■ **Problem to solve**
From the line that contains "Cityscape that reflected" through the last line of the data, copy everything exactly and nothing else, omitting the pictures.

========================================================================

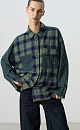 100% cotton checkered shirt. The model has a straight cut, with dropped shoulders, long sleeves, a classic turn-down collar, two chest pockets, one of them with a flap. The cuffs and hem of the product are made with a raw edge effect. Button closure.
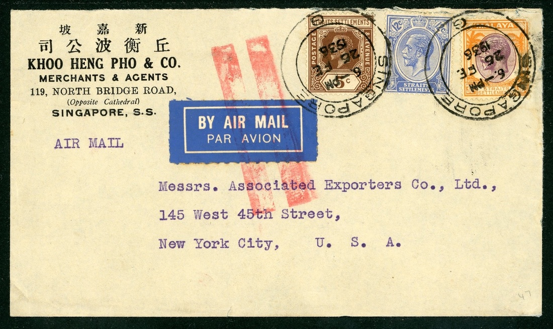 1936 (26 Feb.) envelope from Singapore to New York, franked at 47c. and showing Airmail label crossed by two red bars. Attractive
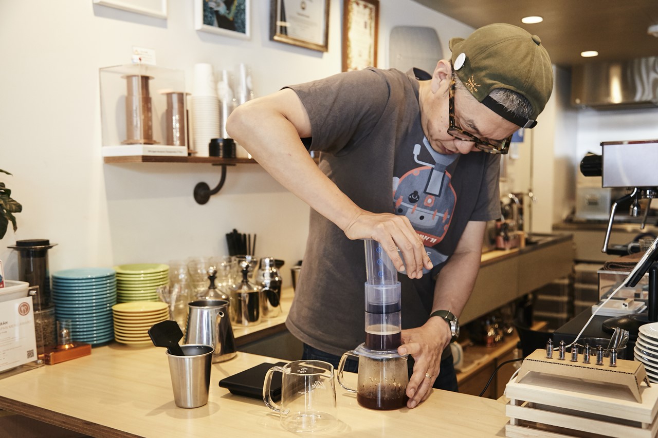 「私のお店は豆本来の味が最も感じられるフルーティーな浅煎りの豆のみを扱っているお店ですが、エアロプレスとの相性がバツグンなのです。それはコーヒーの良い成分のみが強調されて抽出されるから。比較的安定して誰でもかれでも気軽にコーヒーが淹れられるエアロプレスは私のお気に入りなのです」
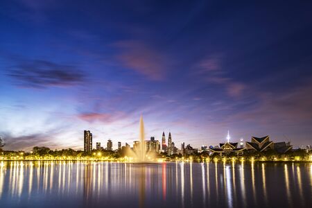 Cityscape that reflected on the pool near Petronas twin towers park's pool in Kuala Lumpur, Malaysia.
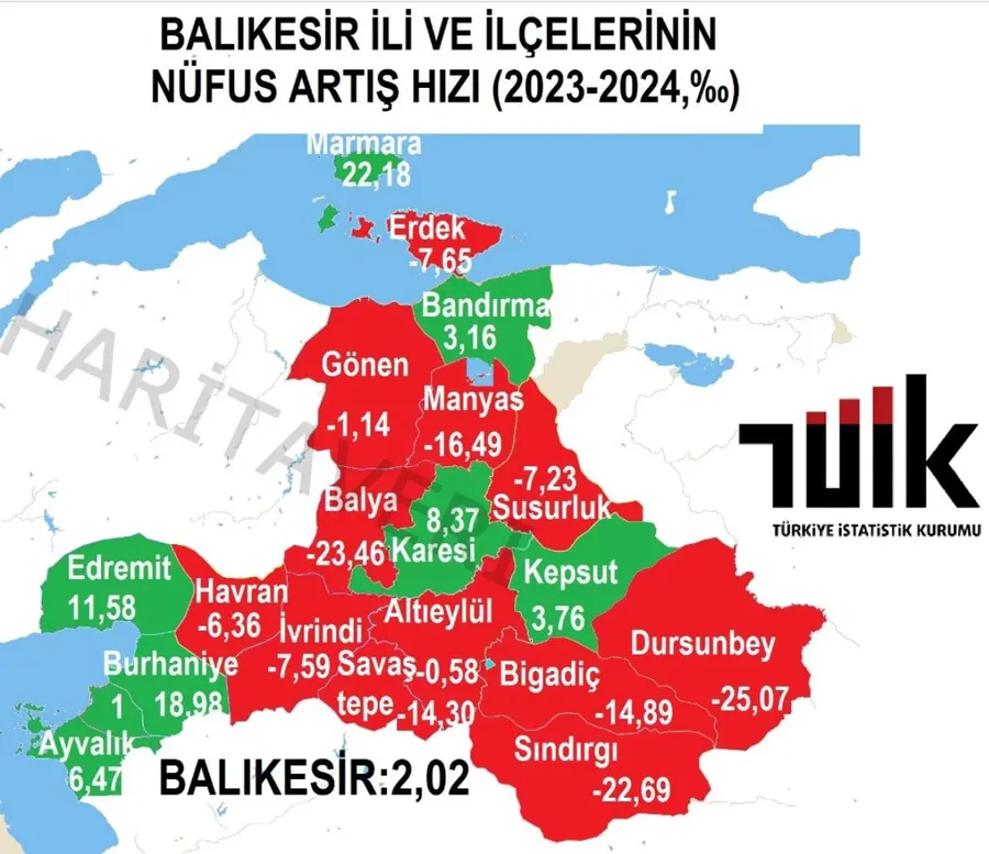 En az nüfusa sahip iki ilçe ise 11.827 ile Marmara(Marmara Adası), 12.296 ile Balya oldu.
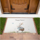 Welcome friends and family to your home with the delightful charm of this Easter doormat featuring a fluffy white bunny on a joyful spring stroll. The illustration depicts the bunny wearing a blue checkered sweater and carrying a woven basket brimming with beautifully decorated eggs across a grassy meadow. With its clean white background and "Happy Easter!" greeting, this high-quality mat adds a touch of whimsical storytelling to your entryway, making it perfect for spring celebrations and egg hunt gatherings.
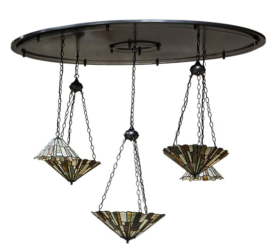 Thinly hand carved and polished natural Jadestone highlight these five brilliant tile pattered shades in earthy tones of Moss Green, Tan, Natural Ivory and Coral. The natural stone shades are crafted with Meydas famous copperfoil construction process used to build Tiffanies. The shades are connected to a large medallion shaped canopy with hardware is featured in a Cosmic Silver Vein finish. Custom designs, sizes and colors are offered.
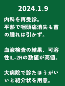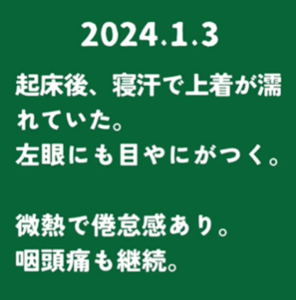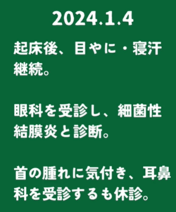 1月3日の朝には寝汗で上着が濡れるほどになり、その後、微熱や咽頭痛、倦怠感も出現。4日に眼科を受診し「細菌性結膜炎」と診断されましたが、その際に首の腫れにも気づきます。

========================================================================

■ **Result of this task**
 Cityscape that reflected on the pool near Petronas twin towers park's pool in Kuala Lumpur, Malaysia.
 En az nüfusa sahip iki ilçe ise 11.827 ile Marmara(Marmara Adası), 12.296 ile Balya oldu.
 Welcome friends and family to your home with the delightful charm of this Easter doormat featuring a fluffy white bunny on a joyful spring stroll. The illustration depicts the bunny wearing a blue checkered sweater and carrying a woven basket brimming with beautifully decorated eggs across a grassy meadow. With its clean white background and "Happy Easter!" greeting, this high-quality mat adds a touch of whimsical storytelling to your entryway, making it perfect for spring celebrations and egg hunt gatherings.
 Thinly hand carved and polished natural Jadestone highlight these five brilliant tile pattered shades in earthy tones of Moss Green, Tan, Natural Ivory and Coral. The natural stone shades are crafted with Meydas famous copperfoil construction process used to build Tiffanies. The shades are connected to a large medallion shaped canopy with hardware is featured in a Cosmic Silver Vein finish. Custom designs, sizes and colors are offered.
 1月3日の朝には寝汗で上着が濡れるほどになり、その後、微熱や咽頭痛、倦怠感も出現。4日に眼科を受診し「細菌性結膜炎」と診断されましたが、その際に首の腫れにも気づきます。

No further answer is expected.